Наконец раскрасневшаяся, легким галопом вскочила во двор Фанни и звонко крикнула: ‘Царанка! Прими лошадь!’ И, откуда ни возьмись, с донским казачьим шиком полным карьером подлетел к ней калмык и на лету соскочил на землю и принял Аксая.
Фанни не удивилась, что он ездил.
За ней рысью, расхлябанно болтаясь на длинных стременах, въехал во двор, подрумянившийся на солнце Васенька. Он был не в духе.
— Сорвалось, — прохрипел Гараська, — эй, люди… давайте водку…
— Ух, да и голодна же я, — с напускным оживлением, входя на веранду, проговорила Фанни. — Сию минуту переоденусь. Проголодались, Герасим Карпович?
— Как не проголодаться. На целый час опоздание. Васенька был мрачен и молчалив. Он пошел помыть руки и попудрил лицо от загара.
К обеду Фанни вышла скромно одетая в самую старую свою серенькую блузку и с гладко причесанными волосами, что очень шло к ее девичьему лицу.
— Что же, собираться прикажешь, Василек? — спросил Гараська после первой рюмки.
— А то, как же! Непременно. Я сказал же. Завтра едем. Вы нам, Иван Павлович, одолжите ячменя на дорогу. И уже я вас попрошу вечером счетик, что мы должны за продовольствие.
— Решительно едешь? — спросил Гараська.
— Решительно и бесповоротно. — Ну и, слава Богу! Погладим дорожку.
— Да ты это которую?
— Э, брат, сколько перевалов, столько и рюмок, а перевалам нет числа.
Кончили обед, Васенька пошел отдохнуть немного, Гараська отправился укладывать вьюки, Фанни медленно прибирала посуду на столе.
— А вы что же, укладываться? — спросил ее Иван Павлович.
— Я не поеду, — сухо сказала Фанни. — Передумала.
Иван Павлович ничего не сказал.
— Что же вы не спрашиваете меня, почему я не еду, — шаловливо, с прежней мальчишеской ухваткой спросила Фанни.
— А мне какое дело? Вы свободны, как ветер.
— А какое дело вам было посылать сегодня нам вслед Царанку? — лукаво спросила Фанни.
— Кто вам это сказал? — смущенно пробормотал Иван Павлович.
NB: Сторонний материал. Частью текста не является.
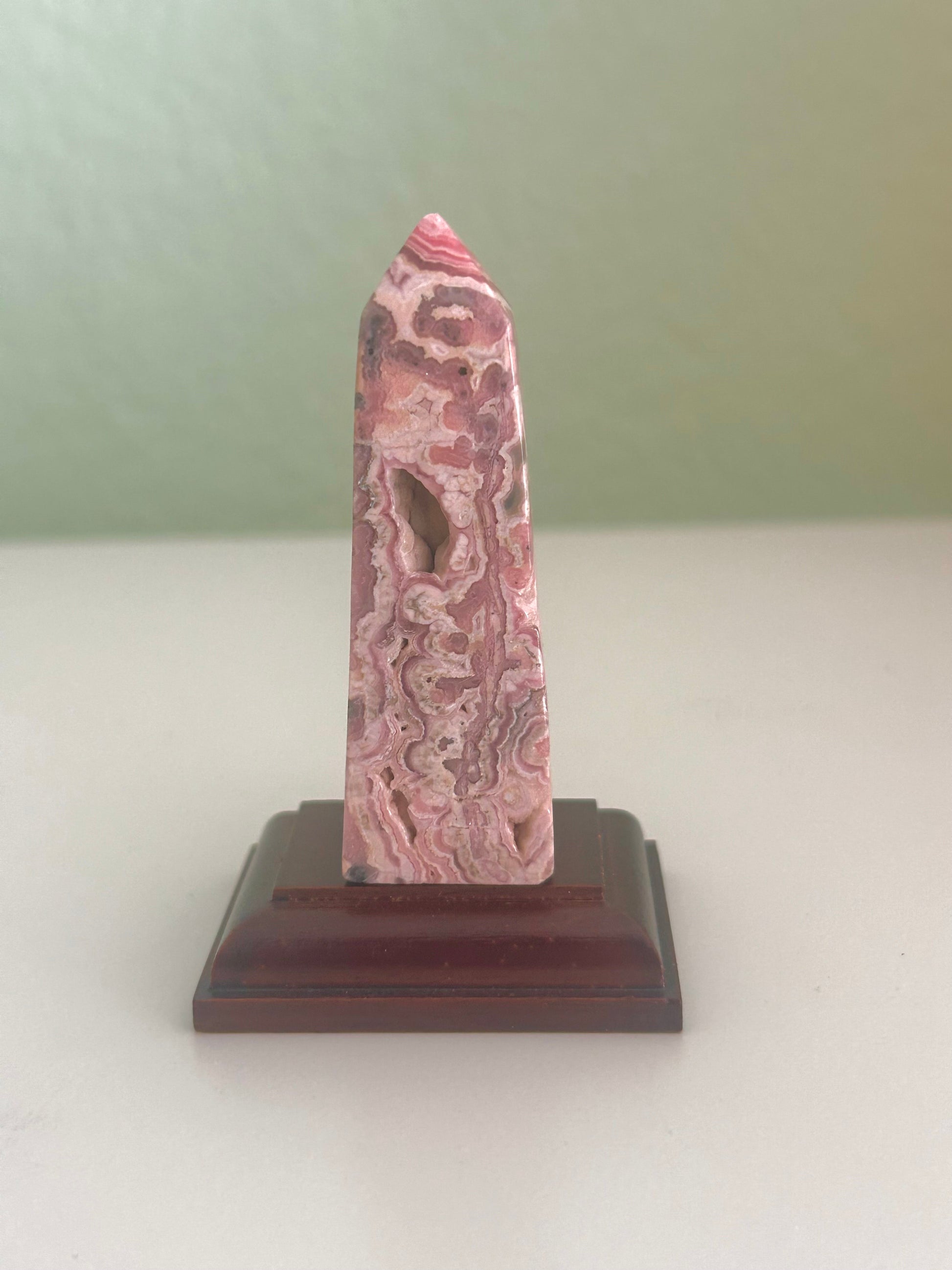 El obelisco de rodocrosita es una pieza energética con un diseño elegante y propiedades vibracionales únicas.

— Уж конечно, не Царанка. Он ни за что не выдаст. Милый дядя Ваня, я вам очень благодарна за вашу заботу… Но неужели вы думаете, что я и без Царанки не справилась бы с этим господином?
— А разве было что?
— Какой вы любопытный!
— Простите меня, Фанни.
Она посмотрела грустными глазами на Ивана Павловича и печально сказала:
— Да, я не еду в это путешествие, которое могло бы быть полно самых интересных, самых необычных приключений. И это так ужасно!.. Но Василий Иванович оказался не таким человеком, каким я его себе представляла.
— Он обидел вас, Фанни?
— Боже упаси! Нет. Конечно, нет. Скорее, я обидела его… Видите… Мы ездили пять часов шагом. По пустыне. Лошадь у него идет тихо, шага нет. Мне хотелось скакать, резвиться, делать тысячи безумств, стрелять орлов. А мы говорили. Все говорили, говорили. Господи, чего я ни наслушалась. Дядя Ваня, неужели не может мужчина смотреть на женщину иначе, как на предмет для своего наслаждения. Я оборвала Василия Ивановича и дала ему понять, что он жестоко во мне ошибается. Он умолк, но ненадолго. Он начал рассказывать про свои миллионы, про то большое дело, которое он ведет в Москве, про то, как в него всюду все влюблялись. Потом заговорил, что он одинок в своих путешествиях, что он давно искал себе женщину-товарища, ну, конечно, такую, как я, что он готов пропутешествовать со мною всю жизнь, звал на Камчатку и Клондайк и закончил тем, что сделал мне формальное предложение стать его женой…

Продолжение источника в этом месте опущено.